Creating a universal language

According to linguist and political thinker Noam Chomsky, “A language is not just words. It’s a culture, a tradition, a unification of a community, a whole history that creates what a community is. It’s all embodied in a language.”

So can we have a universal, global language unifying and embodying all of us? Given the diversity of human life, is that even possible? Proto-Indo- European may have come closest, and then Hellenistic Koine, then Latin. What about CHTML or Python? After all, computers talk to each other in 1s and 0s regardless of the language used to program them and they span the globe. It seems that wherever languages are used, the desire for some form of universal language is identified as a means of circumventing the one-to-one translation process. The idea of a bridge (a koine language) connecting a number of languages, understandable to a large population, does indeed have a strong appeal, especially when a goal of globalism is real-time, multilingual communication. Does a universal language make sense in today’s network-connected world?

Language has many functions. We do not have a universal means of communicating with each other quite simply because we do not have a universal topic to discuss — we have millions. This is excellent news for translators and localizers. Perhaps not such good news for those hoping that computer-assisted translation will be a magic bullet for cross-cultural communication. Yet the idea persists and with a growing appreciation of what characterizes a global community, it is still an idea under investigation.

As Latin fell into decline in the post-Renaissance world of European letters, many thinkers sought to replace its abilities to express all manner of subjects in a widely understood form. Mathematicians Rene Descartes and Gottfried Leibniz attempted to formulate a means of constructing a language capable of expressing conceptual thoughts.

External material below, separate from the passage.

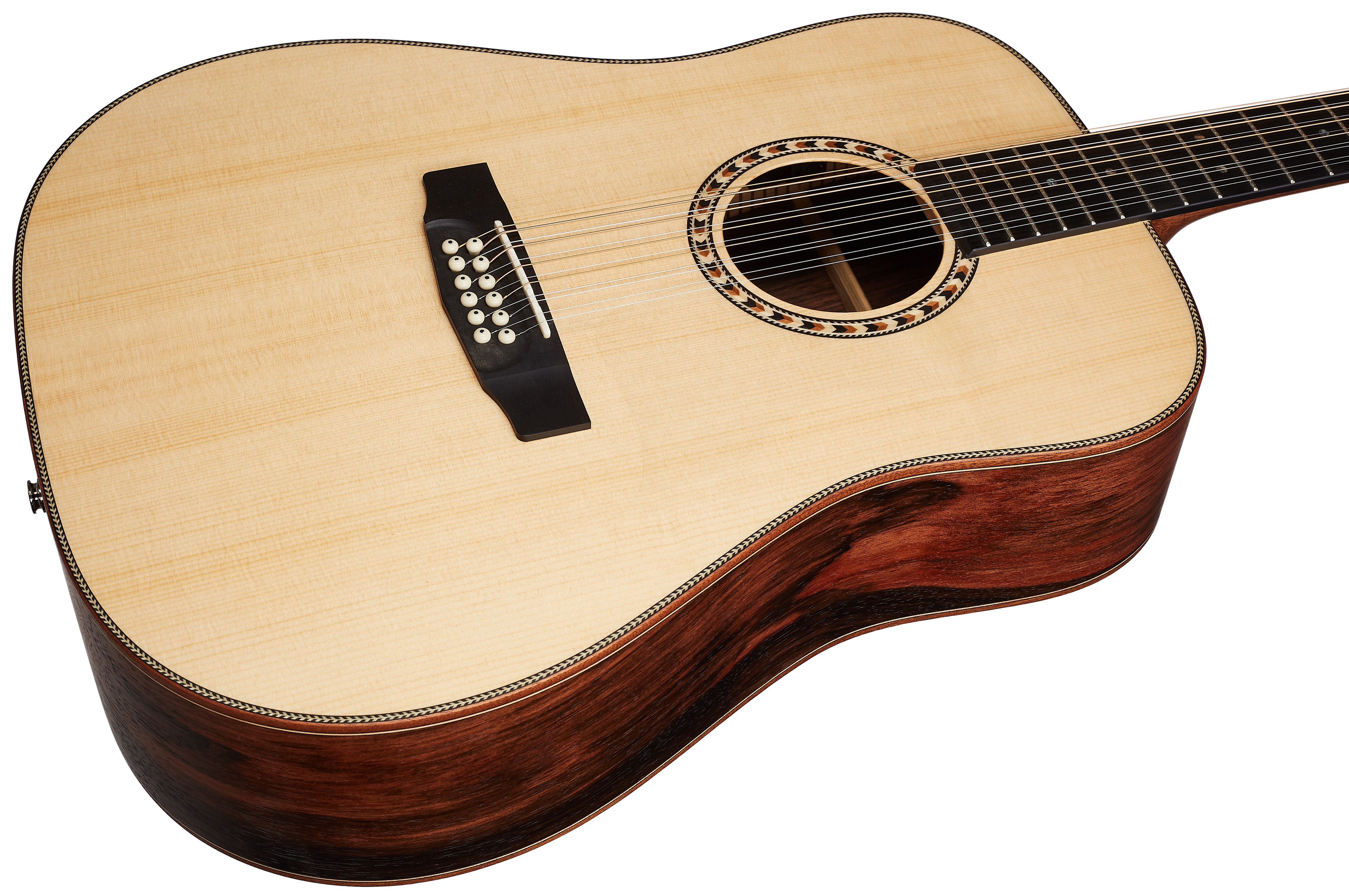 Dvanásťstrunová elektroakustická gitara Dowina Danubius DE-12-S je 12-strunová elektroakustická gitara typu dreadnought. Jej predná doska je vyrobená z masívneho európskeho smreka (švajčiarsky smrek), zadná doska a luby sú z vrstveného exotického ebenového dreva makassar. Prirodzený zvuk nástroja umocňuje povrchová úprava s otvorenými pórmi. Na krk z tvrdého dreva nato, označovaný pre svoje podobné vlastnosti ako "východný mahagón", je prilepený ebonizovaný hmatník. Stabilitu ladenia zaručuje uchytenie strú
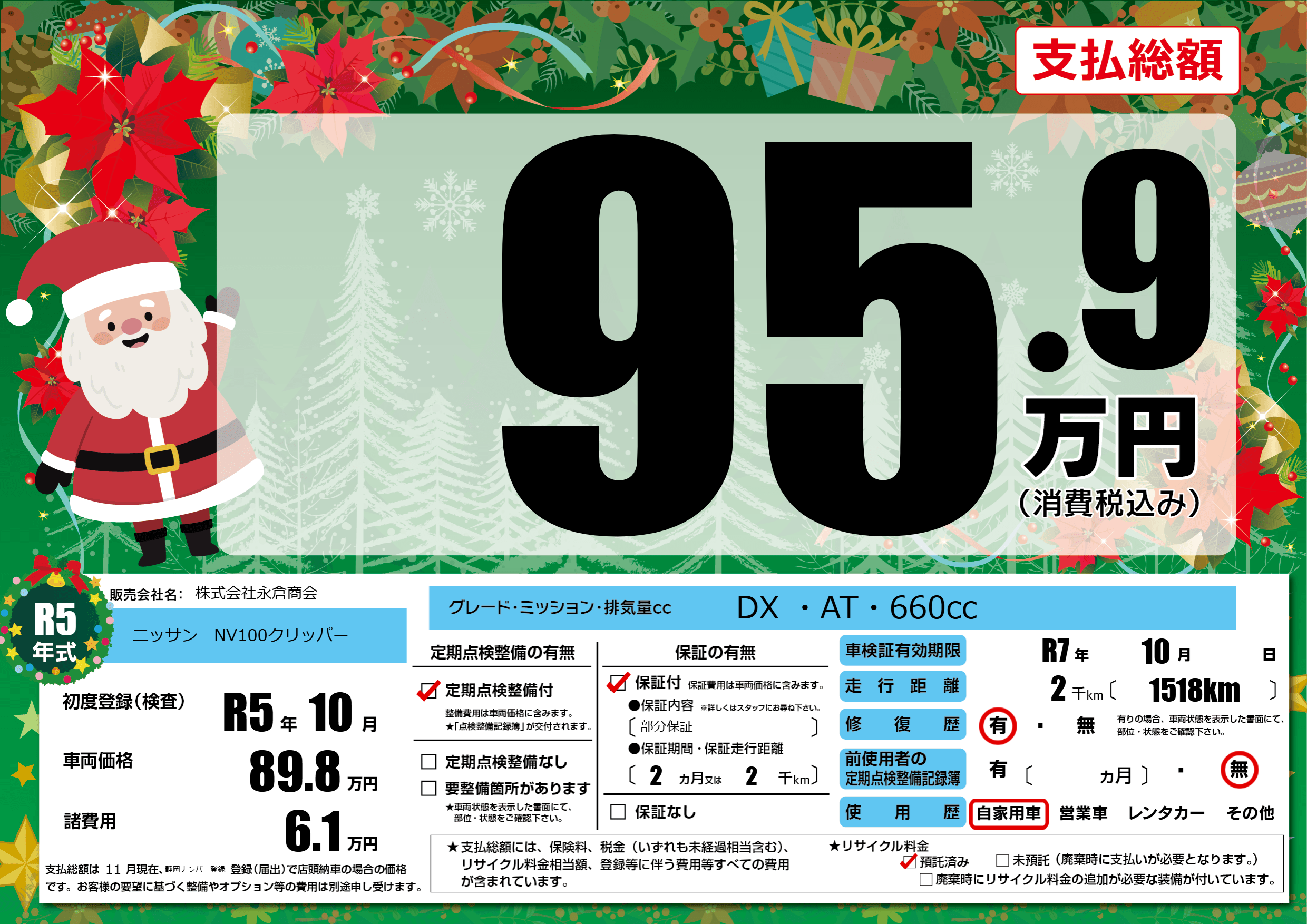 | 走行キロ | 0.2万km | 初年度登録 | R5年10月 |

In England, John Wilkins, among others, sought to facilitate trade and communication between international scholars using a system of “real characters,” symbols that constituted a lingua franca.

In 2001, Professor Abram de Swaan of the University of Amsterdam described how power and languages are connected in the global community in his book Words of the World: The Global Language System. His accomplishments as a social scientist enabled him to detail how a multilingual world can also be described in hierarchical terms that expose the uneven field upon which languages compete for dominance. In his model, English occupies the “hypercentral” position, whereas other languages exist more diffusely from central to peripheral positions. In the translation community, we work in this arena on a daily basis. There have been critics of de Swaan’s ideas in the academic community, but the work has been highly influential in furthering our understanding of how communication can facilitate human affairs globally.

Theoretical approaches to specifying how a universal language works are essential to understanding how the global, multilingual community might operate using a single or dominant language. But how might this work in practice? As mentioned above, thinkers in the 17th century were interested in using signs and symbols to communicate. This is still an idea that is being explored with the unlikely sounding Lovers Communication System (LoCoS) devised by Yukio Ota, Professor of Design at Tama Art University in Japan. Ota is world-famous for his design of the green running man used to mark exit doors in millions of proliferating use of emojis and their incorporation in Unicode, this is hardly surprising. But their use thus far has been largely confined to text messages and websites. They do, however, represent text to varying degrees and it is premature to say just what their future is. That said, if a picture is truly worth a thousand words, then they surely must have a bright future. When actor Kyle MacLachlan was asked to explain the plot of the film Dune on Twitter, he managed to describe the entire movie with 41 emoji characters (see Figure 1).

Movie Dune in emojis

The emoji “language” is already recognizable universally and this is due to the Unicode Consortium, which has embraced the new language, and is diligently defining and approving new emoji characters. Every new version of Unicode includes recommendations for implementation but companies are free to represent the emoji whichever way they wish, thus growing the range of expressions. With growth comes diversification, confusion and misunderstandings. With representations now covering multiple skin tones and occupations having a female variant, Unicode is doing a spectacular job in providing creative solutions. For example, the gender-diverse emoji for occupations is a combination of the standard “man” and “woman” emoji with a second emoji to represent the occupation. These are joined together by a special invisible character called the “zero-width joiner” (ZWJ). Platforms that support the new emoji recognize the ZWJ and display a single emoji while others will display two separate ones. The ability to create new emojis brings its own problems, mainly fragmentation and inability to include them in the official Unicode version. For example, Twitter has a pirate flag, Windows has added ninja cats and WhatsApp has an Olympic rings emoji, which in other platforms is shown as five plain circles. The potential for confusion and misrepresentation across different platforms can only be avoided by sticking to the official Unicode version. As the emoji language grows and increases its expressions, its universal nature is what appeals to people.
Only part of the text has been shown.